Excerpts from a dataset
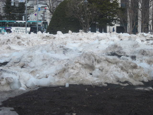 その約1か月前に、大通東側の地下通路沿いにある500m美術館で、雪捨て場をテーマにした写真展みたいなのが開催されていて、そういう見方もあるのだなあと、その時は軽く見過ごしていたのですが、今回、その視点が強く印象に残った状態で、春先の大通公園を歩いてみると、なるほど、それぞれの雪山の”腐り具合”等の微妙な違いなどが、ある意味絵画的な風情で次々と展開される感じで、とても新鮮に感じました。
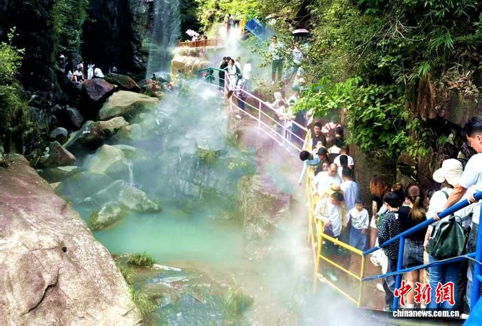 炎炎夏日,福建省宁德市柘荣县正以清凉山水,吸引四方游客。
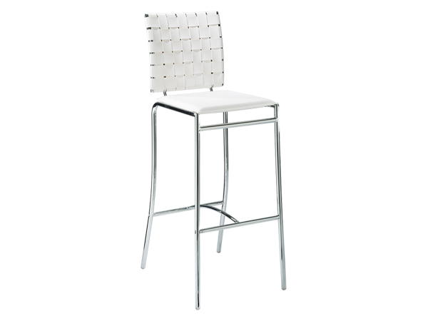 CEBS-027 | Lucent Barstool -- Trade Show Furniture RentalWhite vinyl padded barstool with comfortable woven back. Great for exhibits and lounges. Dimensions: 19"L 19"D 41"H
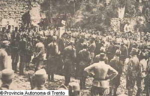 - TRENTO. CASTELLO DEL BUONCONSIGLIO. FOSSA DELLA CERVARA. L'AVVENUTA ESECUZIONE DI CESARE BATTISTI. 1916 LUG. 12
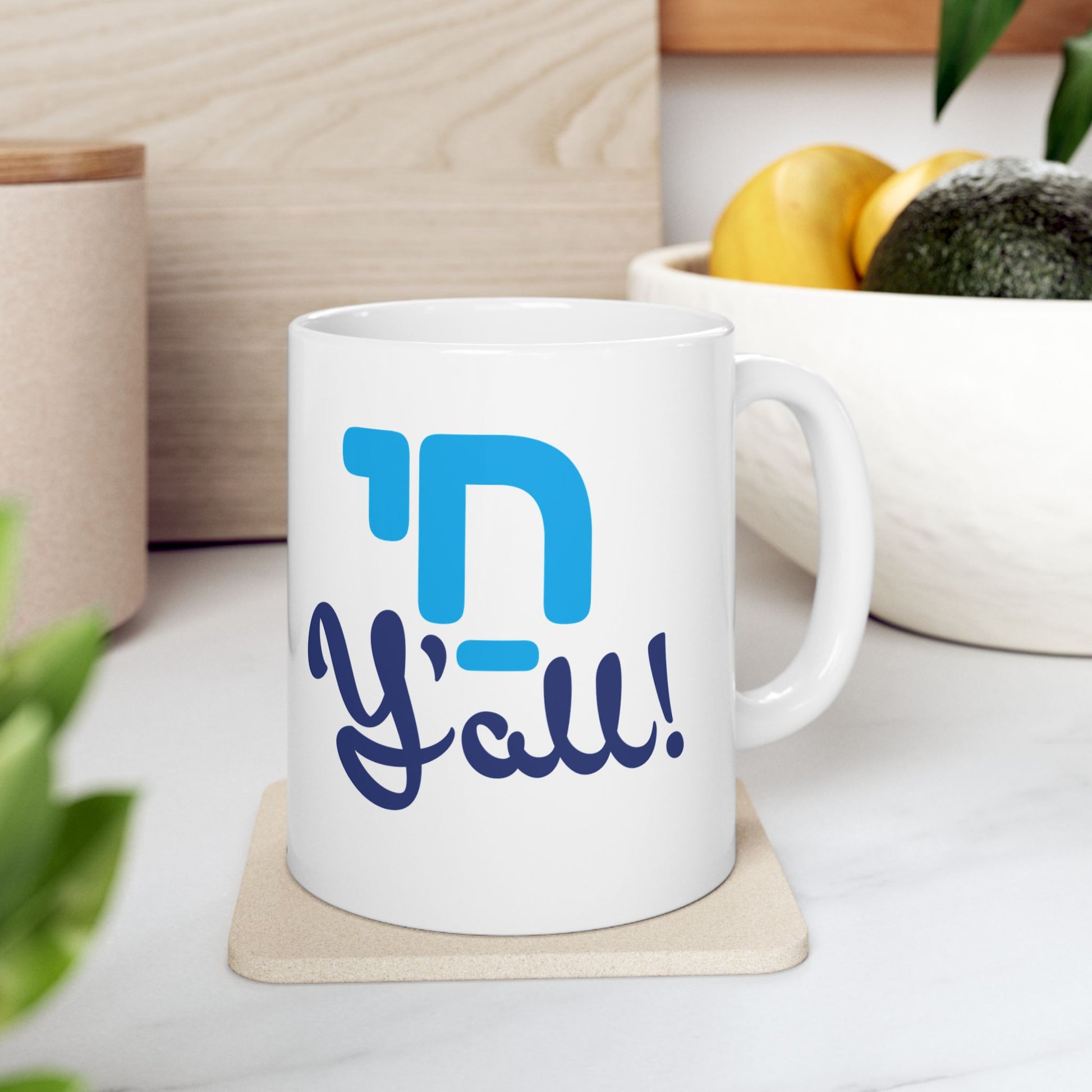 This mug says it all — חי Y’all — a warm welcome with a soulful twist. Featuring the iconic Hebrew word חי (“chai,” meaning life) paired with a good ol’ Southern “y’all,” it’s a design that celebrates living fully and loving freely.
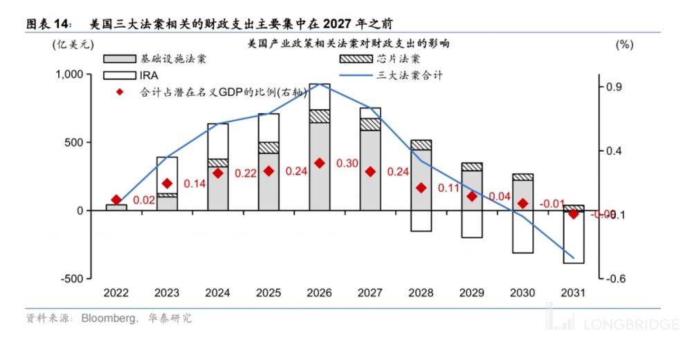 人口供给冲击通过移民阀门的放开拉逐步解决,人口需求和预期的冲击通过直升机撒钱来解决,而产业和基础设施暴露的短板,民主党的处理方法简单粗暴:财政赤字 + 产业法案。
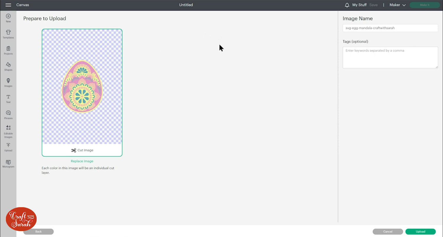 All the layers should appear “on top of each other” as per the image above. If you see all the layers next to each other instead, that means you’ve accidentally uploaded the wrong file type. If that’s the case, click “Cancel” on the bottom-right of the screen and try again.
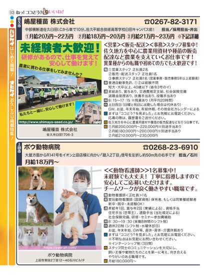 ☎0267-82-3171担当/採用担当・井出中部横断道佐久臼田I.Cから車で10分。佐久平総合技術高等学校臼田キャンパス前!①月給20万円〜22万円②月給18万円〜20万円③月給21万円〜23万円※下記詳細<営業><販売・配送><事務>スタッフ募集中!佐久地方を中心に農業用資材や種苗の販売配達など農業を支えていくお仕事です!異業種からの転職や初めての方でも大歓迎です!未経験者大歓迎!農業に携わる仕事をしてみませんか?研修があるので、仕事を覚えて安心して働けます!嶋屋種苗株式会社佐久市ねっ!ココどう?13●●●はじめて掲載!お久しぶり掲載特集!①営業スタッフ正社員2名②販売・配送スタッフ正社員1名③事務スタッフ正社員1名(営業事務・販売事務5年以上経験者)普通自動車免許、①②は経験不問短大・大卒以上、40歳以下(省令3号のイ)昇給あり、賞与あり、交通費規定支給、社会保険完備退職金制度あり、扶養手当あり、役職手当あり8:15〜17:15※残業あり(月平均20時間)土日祝日(日曜と祝日に出勤した場合は代休あり)GW、お盆、年末年始、有給休暇、その他会社カレンダーによるまずは「ココどう?を見ました」とお気軽にお電話ください。応募の際は、履歴書をご送付ください。佐久地方を中心に農業用資材や種苗の販売配達などを行う仕事です。①月給200,000円〜220,000円※別途手当あり②月給180,000円〜200,000円※別途手当あり②月給210,000円〜230,000円☎0268-23-6910緒に、安心して働けます!たちと一私http://www.shimaya-seed.co.jp/嶋屋種苗株式会社佐久市臼田1706-3ポウ動物病院上田市大屋方面からR141号をイオン上田店様に向かい「踏入2丁目」信号を左折し約50m先の右手です月給18万円〜担当/石川<<動物看護師>>1名募集中!未経験でも大丈夫!丁寧に指導しますので安心してご応募いただけます。チームワークが良く働きやすい職場です。動物看護師<正社員>1名愛玩動物看護師(国家資格)保有者、もしくは同業種経験者新卒・既卒・未経験OK!昇給年1回、賞与年2回(業績による)、資格手当住宅手当(世帯主)、通勤手当(当社規定による)社会保険完備、研修・セミナー参加費補助8:30〜19:30(実働8時間のシフト制)週休2日制(シフト制・水曜休診日)お盆、年末年始、GW等、産休・育休・介護休暇ありまずは「ココどう?を見ました」とお気軽にお電話ください。※不明な点はお気軽にお問い合わせください。※インターンシップ制(3日間)スタッフ同士のコミュニケーションを大切にし、飼い主様や動物たちのことを第一に考え、向き合えるやりがいのある職場です。月給180,000円〜https://paw-ah.com/ポウ動物病院上田市常田2丁目12-40石川ビル1F
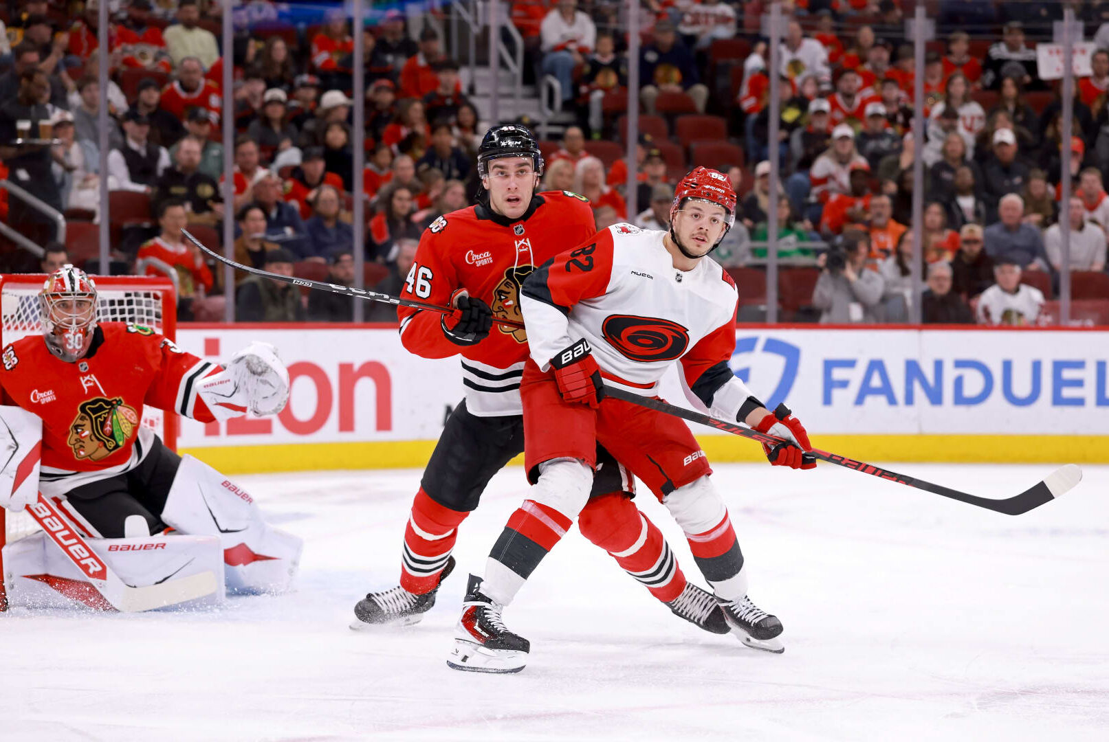 Louis Crevier defends Jesperi Kotkaniemi in front of the net during the Chicago Blackhawks’ 7-2 loss to the Carolina Hurricanes on Thursday night. (Photo courtesy of the Chicago Blackhawks)
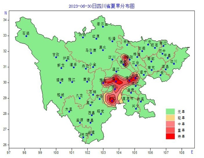 目前,盆西北、盆西南部分地区旱情持续,局地偏重。据四川省气象干旱指标监测,截至6月30日,全省有21县站出现夏旱,其中轻旱1站、中旱2站、重旱3站、特旱15站,其中重、特旱主要出现在盆中和盆西南等地,局地旱情偏重。
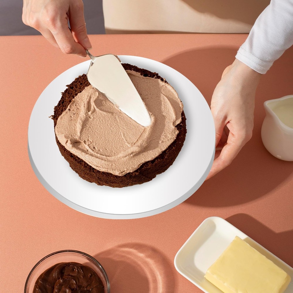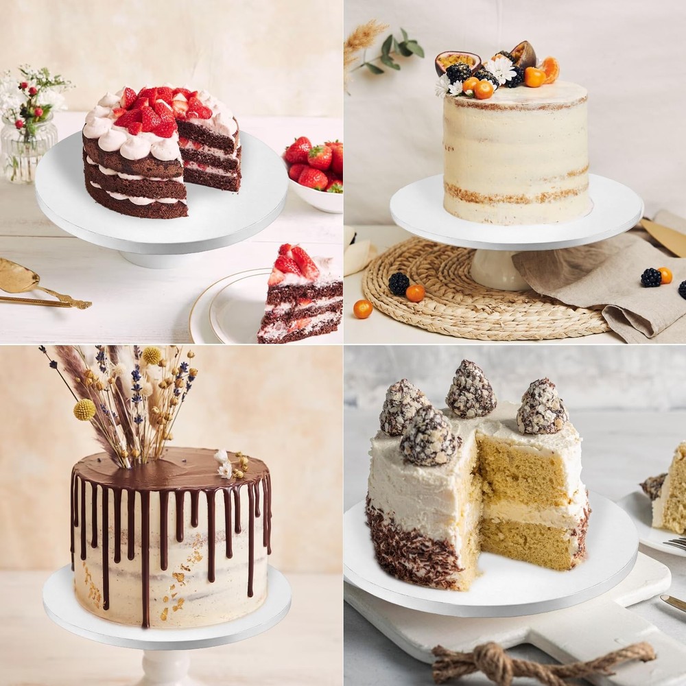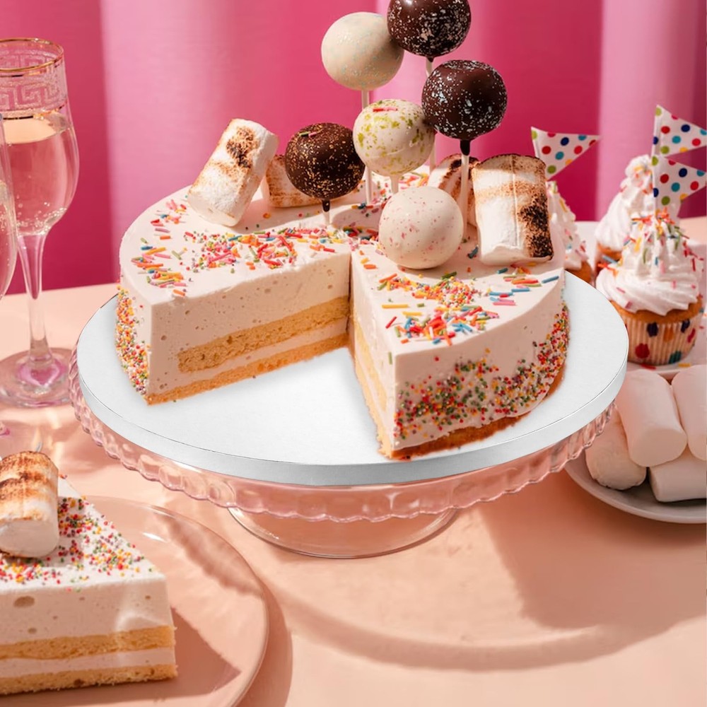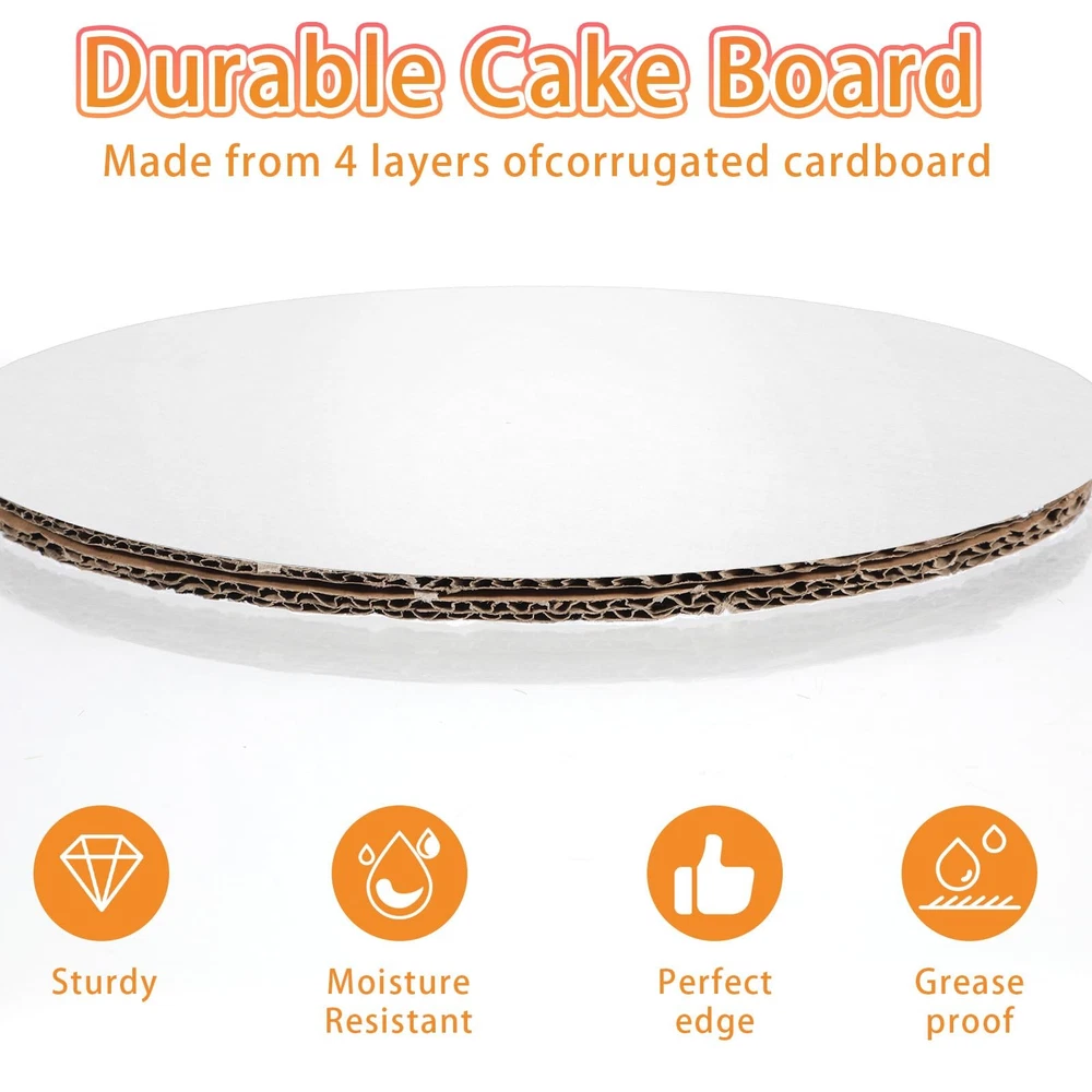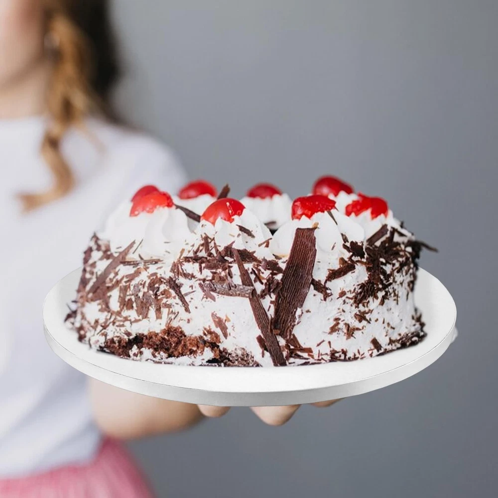 Product Name: Cake Tray Material: Plastic Color: White Net Weight: 1132g Dimensions: 25 x 25 x 1.3cm Packaging: Bags Packaging Contents: 12 pcs cake trays 12-Pack Convenience: This set includes 12 cake drums 10 inch round, ensuring you have plenty for all your baking needs. Whether running a high-end bakery or a cozy coffee , these cake drums will serve you well, providing ample quantity for daily use and easy replacements. Durable and Sturdy: Made from four layers of corrugated cardboard, these round cake board wholesale are 1/2 inch thick and can support multi-layer cakes without bending. Their light yet strong construction ensures stability, and the flat surface won’t damage your cake's base. Grease-Proof Technology: Featuring a laminated layer, our 10 inch drum cake board could prevent absorption, allowing you to confidently use cream, chocolate, fruit, and other frostings without worrying about the base getting soggy or weak. Elegant and Practical Design: The white circular design not only highlights the beauty of your cakes but also ensures your colorful icings and decorations pop. These 10-inch cake drums enhance the professional look of your baked creations, drawing attention to your cake's stunning appearance. Versatile for Various Occasions: These 10 inch drums are great for weddings, birthdays, parties, anniversaries, baby showers, bridal showers, and more. Use them at seasonal celebrations like Christmas and Halloween, family gatherings, or baking parties.
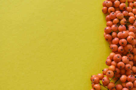 rowan branch on a yellow background, orange rowan berries with green leaves. background for text
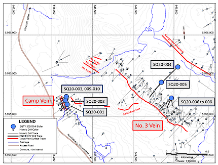 Drill hole SQ20-010 is one of five core holes totaling 864.8 metres which tested the Camp Vein system as part of the current exploration program. Assays are reported as downhole thickness until further modelling can confirm the orientation of the veining.

TASK REQUIREMENTS → Output the lines of the data exactly, starting at the first and ending with the line that has "All the layers should". Pictures are not part of it.

RESPONSE BELOW →
 その約1か月前に、大通東側の地下通路沿いにある500m美術館で、雪捨て場をテーマにした写真展みたいなのが開催されていて、そういう見方もあるのだなあと、その時は軽く見過ごしていたのですが、今回、その視点が強く印象に残った状態で、春先の大通公園を歩いてみると、なるほど、それぞれの雪山の”腐り具合”等の微妙な違いなどが、ある意味絵画的な風情で次々と展開される感じで、とても新鮮に感じました。
 炎炎夏日,福建省宁德市柘荣县正以清凉山水,吸引四方游客。
 CEBS-027 | Lucent Barstool -- Trade Show Furniture RentalWhite vinyl padded barstool with comfortable woven back. Great for exhibits and lounges. Dimensions: 19"L 19"D 41"H
 - TRENTO. CASTELLO DEL BUONCONSIGLIO. FOSSA DELLA CERVARA. L'AVVENUTA ESECUZIONE DI CESARE BATTISTI. 1916 LUG. 12
 This mug says it all — חי Y’all — a warm welcome with a soulful twist. Featuring the iconic Hebrew word חי (“chai,” meaning life) paired with a good ol’ Southern “y’all,” it’s a design that celebrates living fully and loving freely.
 人口供给冲击通过移民阀门的放开拉逐步解决,人口需求和预期的冲击通过直升机撒钱来解决,而产业和基础设施暴露的短板,民主党的处理方法简单粗暴:财政赤字 + 产业法案。
 All the layers should appear “on top of each other” as per the image above. If you see all the layers next to each other instead, that means you’ve accidentally uploaded the wrong file type. If that’s the case, click “Cancel” on the bottom-right of the screen and try again.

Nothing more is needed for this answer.